Lorsque nous pensons à l’Arctique, la plupart d’entre nous pensent à un paysage aride couvert de neige et à de vastes étendues d’océan glacé. C’est loin de la réalité de l’Arctique canadien aujourd’hui. Avec environ 150 000 personnes qui y habitent, cette région n’est certainement pas stérile.

L’Arctique se réchauffe plus rapidement que partout ailleurs sur Terre. Cette forte augmentation de la température affecte la faune, les plantes et les humains et entraîne une diminution de la banquise, que de nombreux prédateurs et chasseurs utilisent toute l’année.
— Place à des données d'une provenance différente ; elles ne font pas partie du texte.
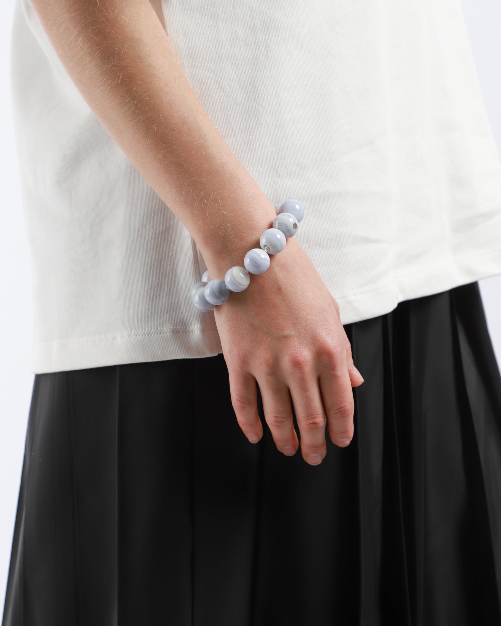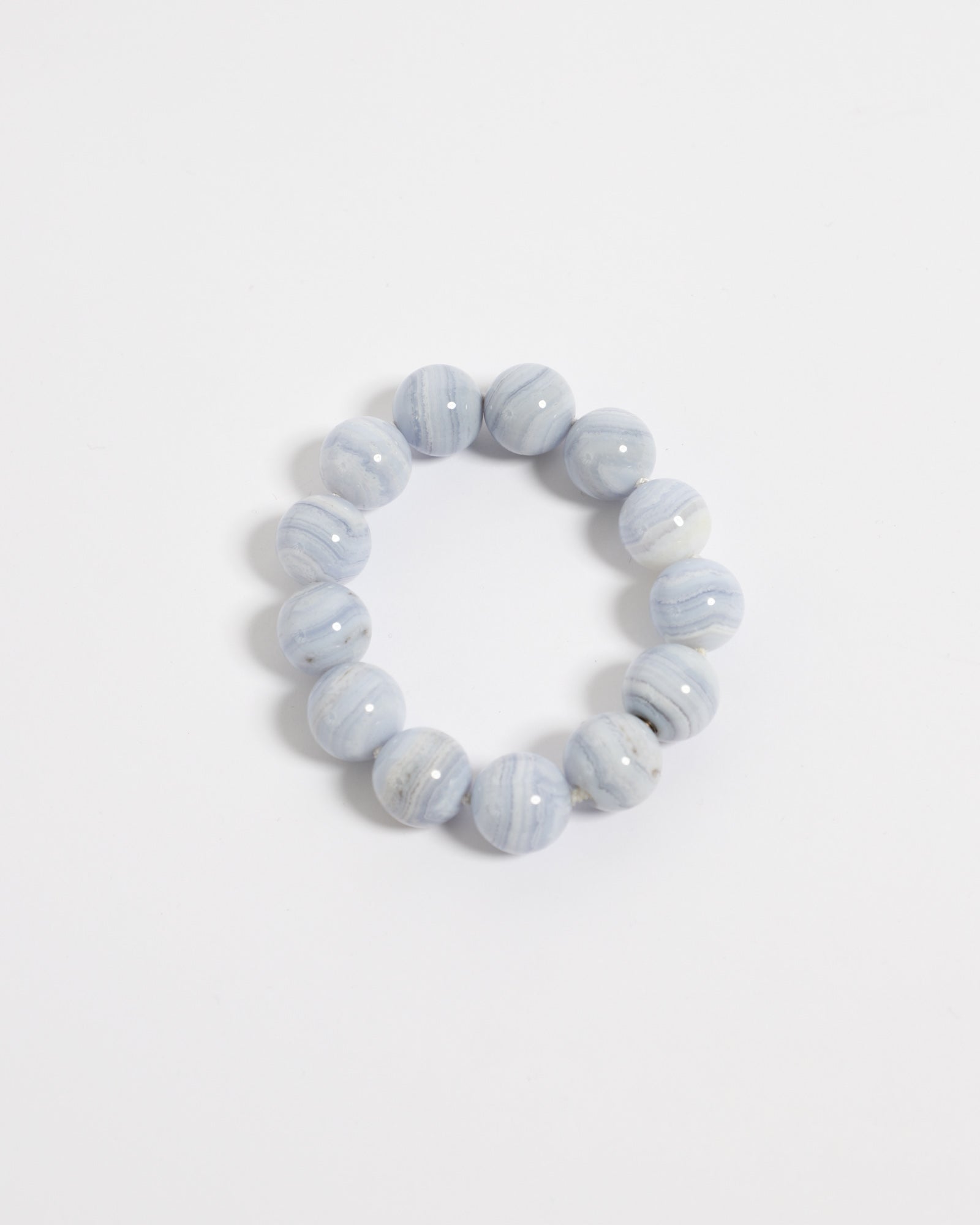 A beaded bangle with polished chalcedony spheres that are in various shades of blue. Please note crystals may vary slightly in colour and shape due to stones being natural.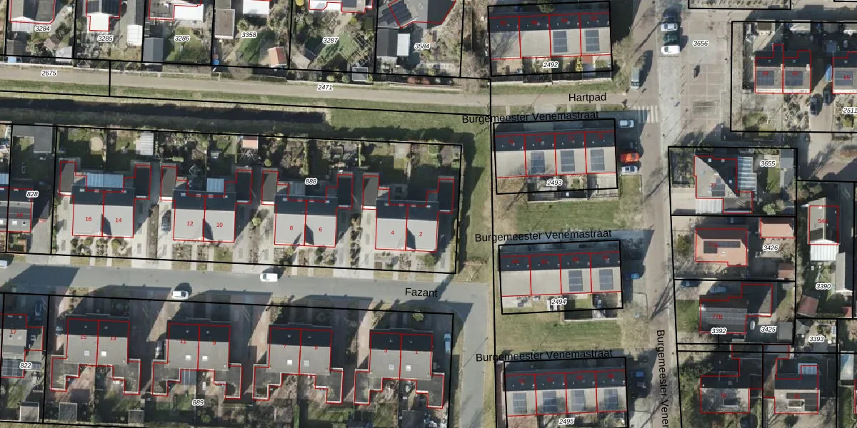 Het perceel waarop Fazant 2 staat heeft een oppervlakte van 2832 m². Dit is een zeer groot perceel. De perceeloppervlakte wordt geregistreerd door het Kadaster. Gedetailleerde informatie over de maten van dit perceel kunt u vinden in het rapport Kadastrale kaart met maatvoering van Fazant 2.

La perte de glace de mer rend également le Nord plus accessible que jamais, augmentant ainsi la probabilité de déversements majeurs de pétrole à mesure que le trafic de navires et de pétroliers se multiplie. Ces déversements exposent la faune à de nouveaux contaminants, notamment des composés aromatiques polycycliques — le principal contaminant des déversements de pétrole — qui peuvent causer le cancer chez les oiseaux.

Cet afflux de nouveaux contaminants dans l’environnement rend difficile pour les chercheurs de surveiller leurs effets sur la faune. Après avoir étudié les moyens de surveiller la quantité et la variété des contaminants dans la faune arctique, nous avons créé un nouvel outil – ToxChip – pour analyser les changements dans l’ADN des animaux exposés au pétrole et résoudre ce problème.

Augmentation de l’exploration et de l’extraction de pétrole

Entre 1995 et 2015, le trafic maritime a presque triplé dans l’Arctique canadien en raison de l’appauvrissement des glaces de mer. Les routes maritimes nouvellement accessibles, y compris la route maritime du Nord, ont réduit le temps de transit entre l’Asie de l’Est et l’Europe de l’Ouest d’environ 10 jours.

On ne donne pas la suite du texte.